■ **Exercise details**: The answer must give back every line of the data exactly, with no pictures.

◆ ◆ ◆ ◆ ◆ ◆ ◆

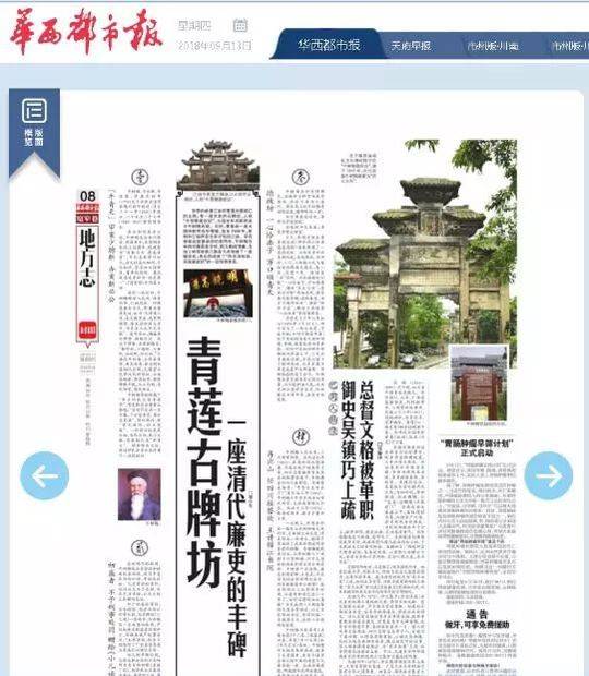 2018年9月13日,《华西都市报》第8版“宽窄巷”栏目刊发《青莲古牌 一座清代廉吏的丰碑》(此文刊发于《巴蜀史志》2018年第3期,原标题为《江油青莲镇古牌坊:一座为清朝著名廉吏牛树梅修建的德政丰碑》,作者:谢小东,作者单位:江油市地方志办公室,2018年7月4日“方志四川”微信公众号文章发布)。
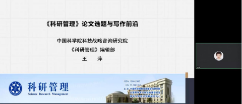《科研管理》编辑部主任王萍以《〈科研管理〉论文选题与写作前沿》为题,强调《科研管理》刊物一贯坚持理论与实践相结合、推广国际管理理论与方法的办刊宗旨,着力打造科技政策、创新、管理与战略四大主题模块,将文章选题是否恰当、题目是否新颖、方法是否适宜、是否跨学科研究等作为文章价值判定标准,最后分享了《科研管理》近期的重点选题。
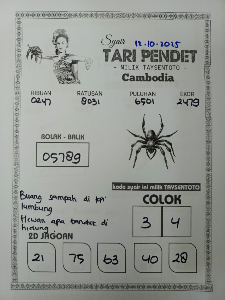 SYAIR TAYSEN CAMBODIA– Selamat datang di Situs Prediksi Togel Jitu dan Terpercaya. Hari ini kita akan mengulas Syair Togel Cambodia 12 Oktober 2025. Syair Cambodia ini semata-mata hanya dibuat untuk membantu mempermudah para pemain toto gelap online dalam menebak secara tepat Angka Keluaran Cambodia.
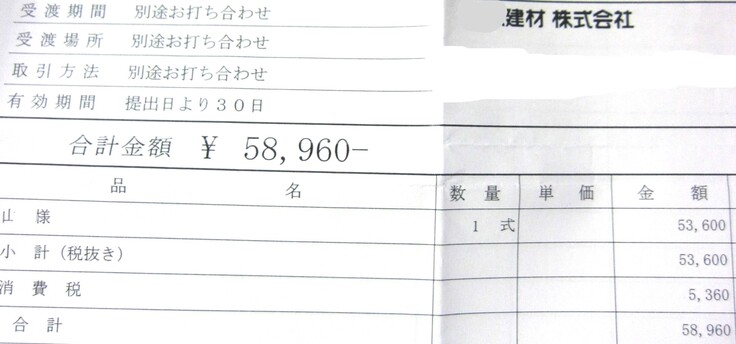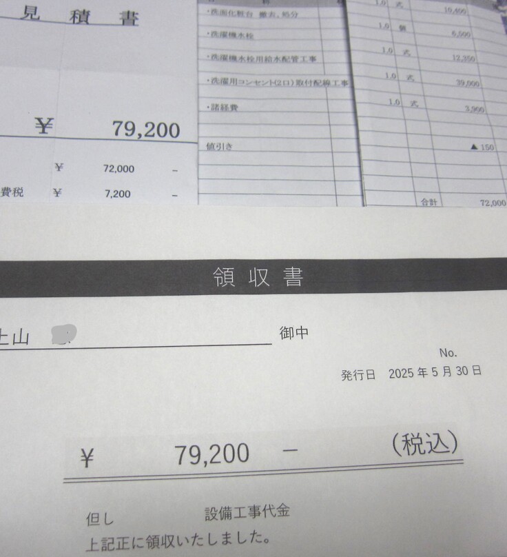 (領収書)改修工事/購入品類
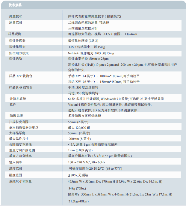 DektakXT 技術(shù)規(guī)格參數(shù):
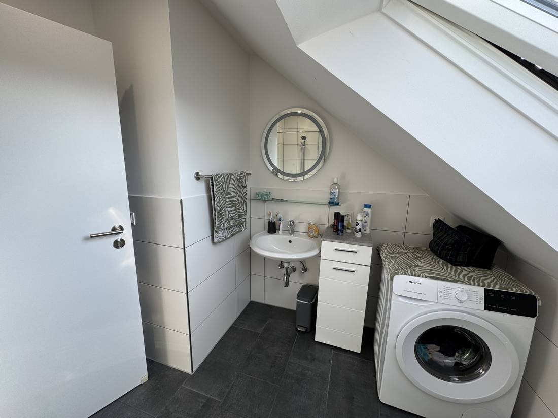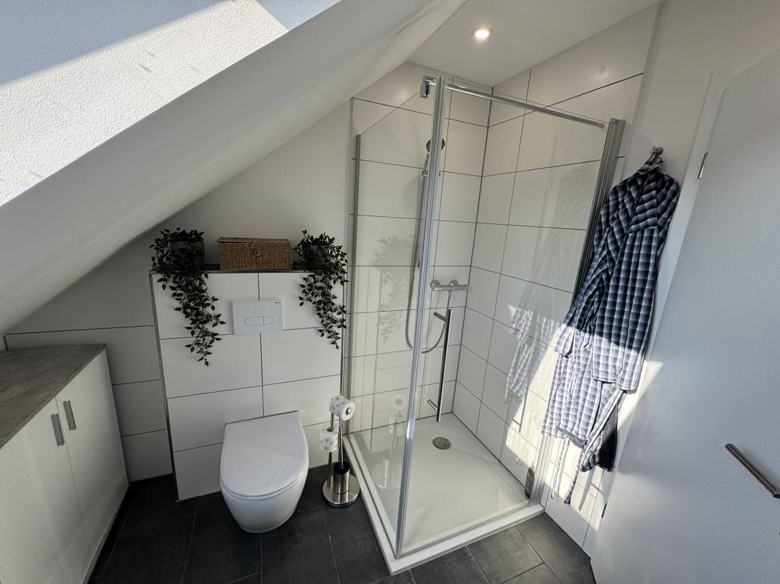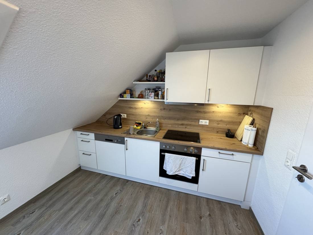 Die Dachgeschosswohnung wurde erst 2024 umfassend modernisiert und präsentiert sich in einem neuwertigen Zustand. Hier wurden sämtliche Oberflächen, Türen und Böden erneuert, ein modernes Duschbad geschaffen und eine hochwertige Einbauküche installiert. Neue Veluxfenster sorgen für lichtdurchflutete Räume und eine angenehme Atmosphäre. Diese Einheit ist seit Oktober 2024 an eine Einzelperson vermietet.
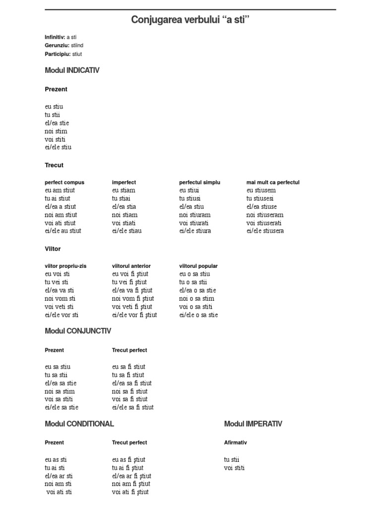 Conjugarea Verbului A Sti
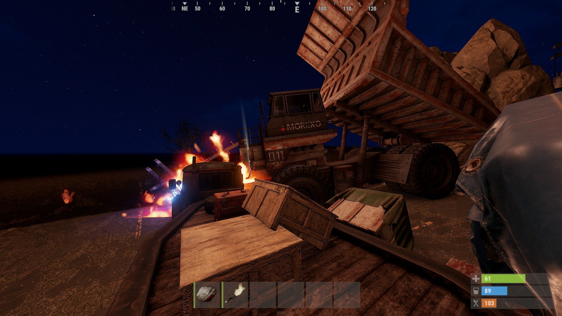 A little decor scene with two trucks crashed on open street. Some flame and tesla effect for the ambience.
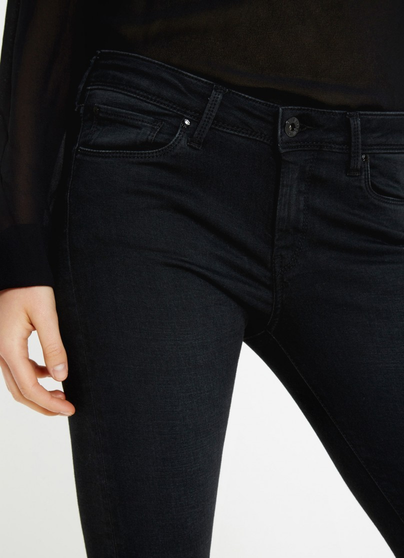 Jeans cinque tasche, nero, skinny fit, effetto stretch, chiusura centrale tramite zip e bottone.
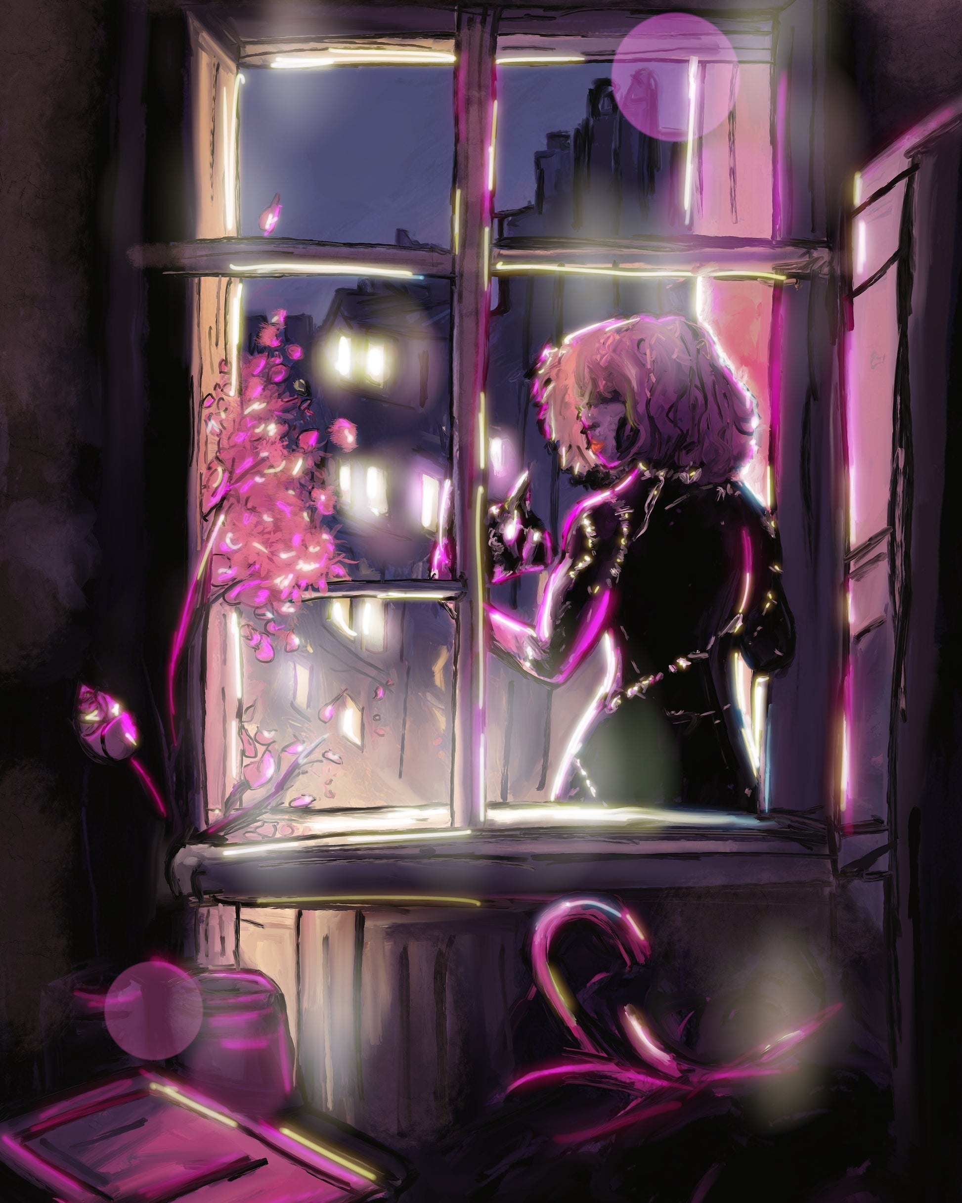 Holographic Poster - Printed on 8.5"x11" 130lb. Cardstock, these posters are dipped in holographic foil prior to printing. This enhances all of the darker tones in each painting (especially the line art), bringing subtle shards of iridescent colors when hit with direct light. This lighting can be either from direct sunlight or an LED light. Avoid displaying in rooms that are damp or generate moisture.
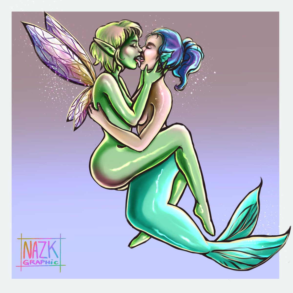 Bon après avoir failli abandonner ce challenge du magictober, j’ai essayé de me motiver en combinant les 3 derniers thèmes encore 😅 Day 23, 24 & 25, Nymph, Wings & Fish 🧚🧜♀️✨ #aisarinemagicink #inktober2020 #magictober #nymph #siren #fairy #love #lesbian #kiss
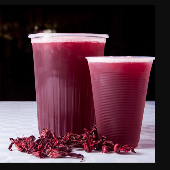 Agua natural de concentrado de jamaica, endulzada con azúcar, lleva hielo, vaso de 1 lt.

◆ ◆ ◆ ◆ ◆ ◆ ◆

■ **Solution for this exercise**:
 2018年9月13日,《华西都市报》第8版“宽窄巷”栏目刊发《青莲古牌 一座清代廉吏的丰碑》(此文刊发于《巴蜀史志》2018年第3期,原标题为《江油青莲镇古牌坊:一座为清朝著名廉吏牛树梅修建的德政丰碑》,作者:谢小东,作者单位:江油市地方志办公室,2018年7月4日“方志四川”微信公众号文章发布)。
《科研管理》编辑部主任王萍以《〈科研管理〉论文选题与写作前沿》为题,强调《科研管理》刊物一贯坚持理论与实践相结合、推广国际管理理论与方法的办刊宗旨,着力打造科技政策、创新、管理与战略四大主题模块,将文章选题是否恰当、题目是否新颖、方法是否适宜、是否跨学科研究等作为文章价值判定标准,最后分享了《科研管理》近期的重点选题。
 SYAIR TAYSEN CAMBODIA– Selamat datang di Situs Prediksi Togel Jitu dan Terpercaya. Hari ini kita akan mengulas Syair Togel Cambodia 12 Oktober 2025. Syair Cambodia ini semata-mata hanya dibuat untuk membantu mempermudah para pemain toto gelap online dalam menebak secara tepat Angka Keluaran Cambodia.
 (領収書)改修工事/購入品類
 DektakXT 技術(shù)規(guī)格參數(shù):
 Die Dachgeschosswohnung wurde erst 2024 umfassend modernisiert und präsentiert sich in einem neuwertigen Zustand. Hier wurden sämtliche Oberflächen, Türen und Böden erneuert, ein modernes Duschbad geschaffen und eine hochwertige Einbauküche installiert. Neue Veluxfenster sorgen für lichtdurchflutete Räume und eine angenehme Atmosphäre. Diese Einheit ist seit Oktober 2024 an eine Einzelperson vermietet.
 Conjugarea Verbului A Sti
 A little decor scene with two trucks crashed on open street. Some flame and tesla effect for the ambience.
 Jeans cinque tasche, nero, skinny fit, effetto stretch, chiusura centrale tramite zip e bottone.
 Holographic Poster - Printed on 8.5"x11" 130lb. Cardstock, these posters are dipped in holographic foil prior to printing. This enhances all of the darker tones in each painting (especially the line art), bringing subtle shards of iridescent colors when hit with direct light. This lighting can be either from direct sunlight or an LED light. Avoid displaying in rooms that are damp or generate moisture.
 Bon après avoir failli abandonner ce challenge du magictober, j’ai essayé de me motiver en combinant les 3 derniers thèmes encore 😅 Day 23, 24 & 25, Nymph, Wings & Fish 🧚🧜♀️✨ #aisarinemagicink #inktober2020 #magictober #nymph #siren #fairy #love #lesbian #kiss
 Agua natural de concentrado de jamaica, endulzada con azúcar, lleva hielo, vaso de 1 lt.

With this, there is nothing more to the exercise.